= STUDY MATERIAL =
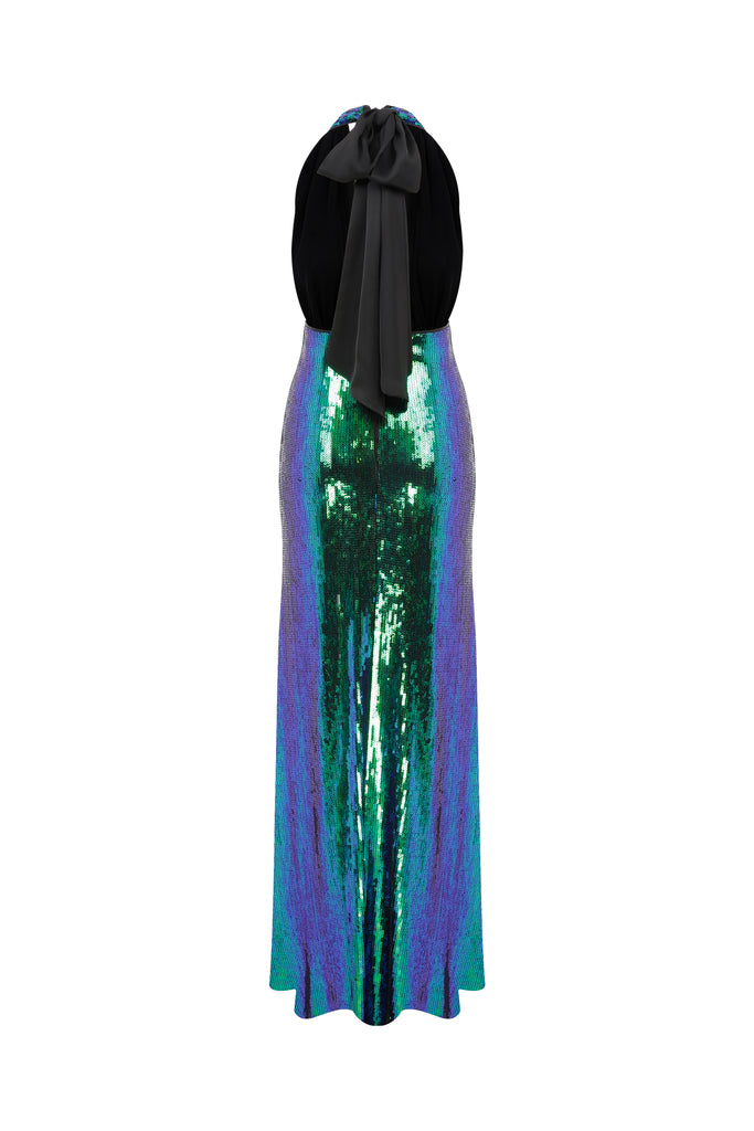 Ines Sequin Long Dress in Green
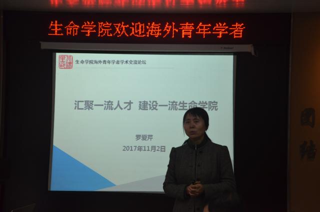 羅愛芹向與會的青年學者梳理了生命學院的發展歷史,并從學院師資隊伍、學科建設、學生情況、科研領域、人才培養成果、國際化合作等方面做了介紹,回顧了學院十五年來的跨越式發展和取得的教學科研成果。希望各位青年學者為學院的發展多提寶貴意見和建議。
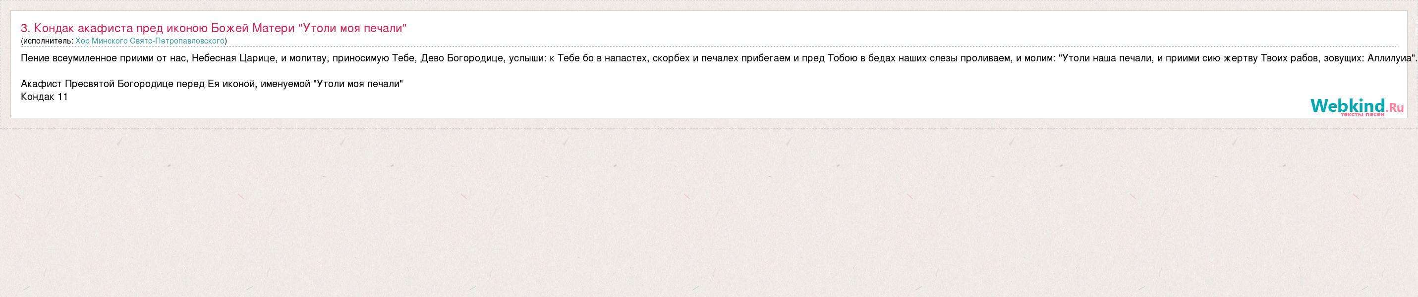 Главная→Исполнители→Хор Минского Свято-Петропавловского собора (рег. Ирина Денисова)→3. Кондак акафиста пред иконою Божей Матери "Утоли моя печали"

--

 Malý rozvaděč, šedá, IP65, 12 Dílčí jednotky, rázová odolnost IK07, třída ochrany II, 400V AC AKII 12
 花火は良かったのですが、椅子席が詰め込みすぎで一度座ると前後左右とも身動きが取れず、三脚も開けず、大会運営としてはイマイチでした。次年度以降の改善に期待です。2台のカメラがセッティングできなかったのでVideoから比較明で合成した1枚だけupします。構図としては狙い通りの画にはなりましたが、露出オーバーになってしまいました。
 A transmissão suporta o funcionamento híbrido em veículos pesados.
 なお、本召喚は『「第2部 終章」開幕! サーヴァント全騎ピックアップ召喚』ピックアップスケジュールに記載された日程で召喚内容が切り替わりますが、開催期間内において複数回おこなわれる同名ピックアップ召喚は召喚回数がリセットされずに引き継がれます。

--

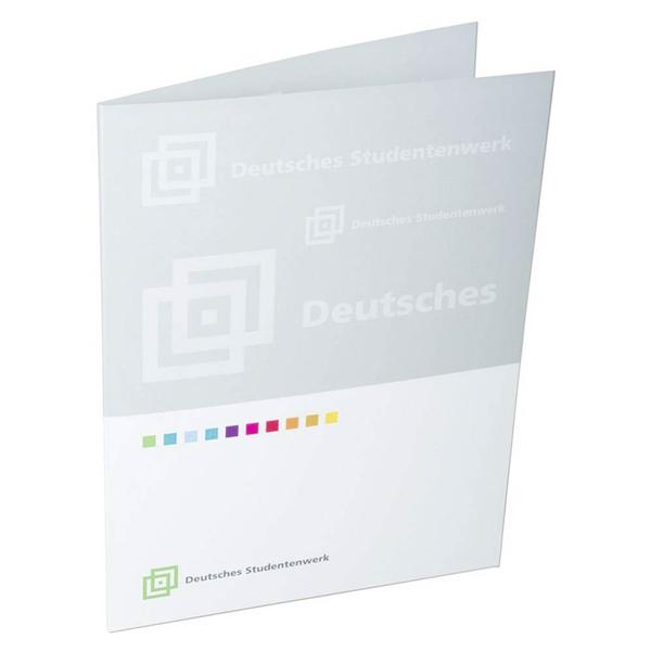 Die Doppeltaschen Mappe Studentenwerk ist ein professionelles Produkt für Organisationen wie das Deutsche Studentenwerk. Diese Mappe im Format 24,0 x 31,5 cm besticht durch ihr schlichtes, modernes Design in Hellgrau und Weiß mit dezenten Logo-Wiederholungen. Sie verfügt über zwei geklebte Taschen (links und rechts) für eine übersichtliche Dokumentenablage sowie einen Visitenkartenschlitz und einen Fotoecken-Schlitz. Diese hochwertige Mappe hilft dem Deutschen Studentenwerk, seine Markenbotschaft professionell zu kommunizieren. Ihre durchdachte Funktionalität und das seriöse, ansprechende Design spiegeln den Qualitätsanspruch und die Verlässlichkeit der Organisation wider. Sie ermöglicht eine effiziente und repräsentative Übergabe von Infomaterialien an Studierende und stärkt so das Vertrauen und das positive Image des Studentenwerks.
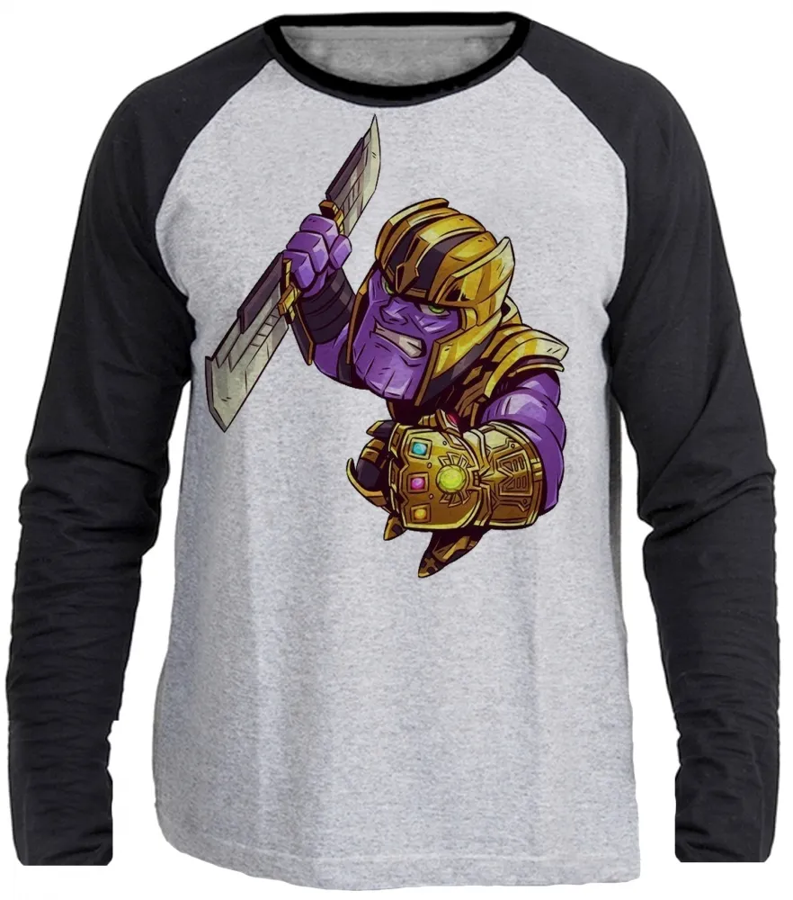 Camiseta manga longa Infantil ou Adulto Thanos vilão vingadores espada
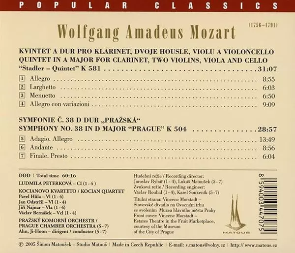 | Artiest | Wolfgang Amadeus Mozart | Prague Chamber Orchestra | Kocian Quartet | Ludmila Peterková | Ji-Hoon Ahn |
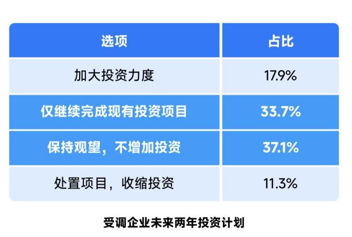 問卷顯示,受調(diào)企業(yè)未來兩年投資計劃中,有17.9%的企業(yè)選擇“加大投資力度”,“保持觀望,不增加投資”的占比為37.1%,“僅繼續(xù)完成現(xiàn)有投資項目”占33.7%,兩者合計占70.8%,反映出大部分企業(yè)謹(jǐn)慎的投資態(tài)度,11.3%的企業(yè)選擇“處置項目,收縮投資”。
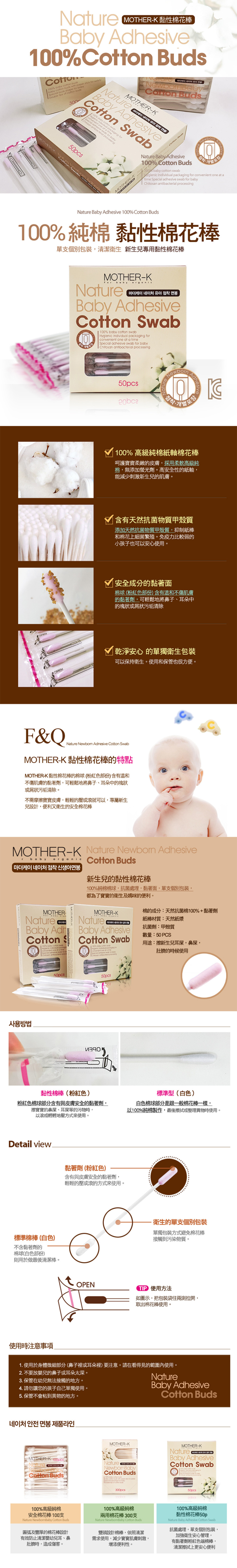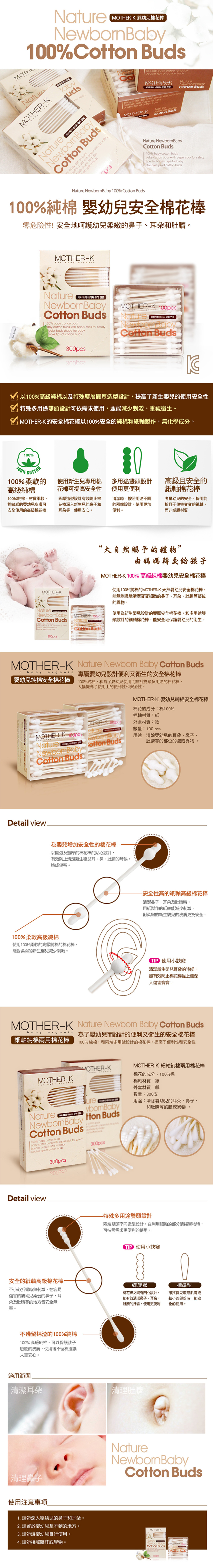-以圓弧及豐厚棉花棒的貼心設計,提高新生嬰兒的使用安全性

= ACTION ITEM =
Both boundary lines included, write out word for word only the lines above from the one containing "Ines Sequin Long Dress in Green" to the one containing "Главная→Исполнители→Хор Минского Свято-Петропавловского", leaving out any pictures.

= REPLY =
 Ines Sequin Long Dress in Green
 羅愛芹向與會的青年學者梳理了生命學院的發展歷史,并從學院師資隊伍、學科建設、學生情況、科研領域、人才培養成果、國際化合作等方面做了介紹,回顧了學院十五年來的跨越式發展和取得的教學科研成果。希望各位青年學者為學院的發展多提寶貴意見和建議。
 Главная→Исполнители→Хор Минского Свято-Петропавловского собора (рег. Ирина Денисова)→3. Кондак акафиста пред иконою Божей Матери "Утоли моя печали"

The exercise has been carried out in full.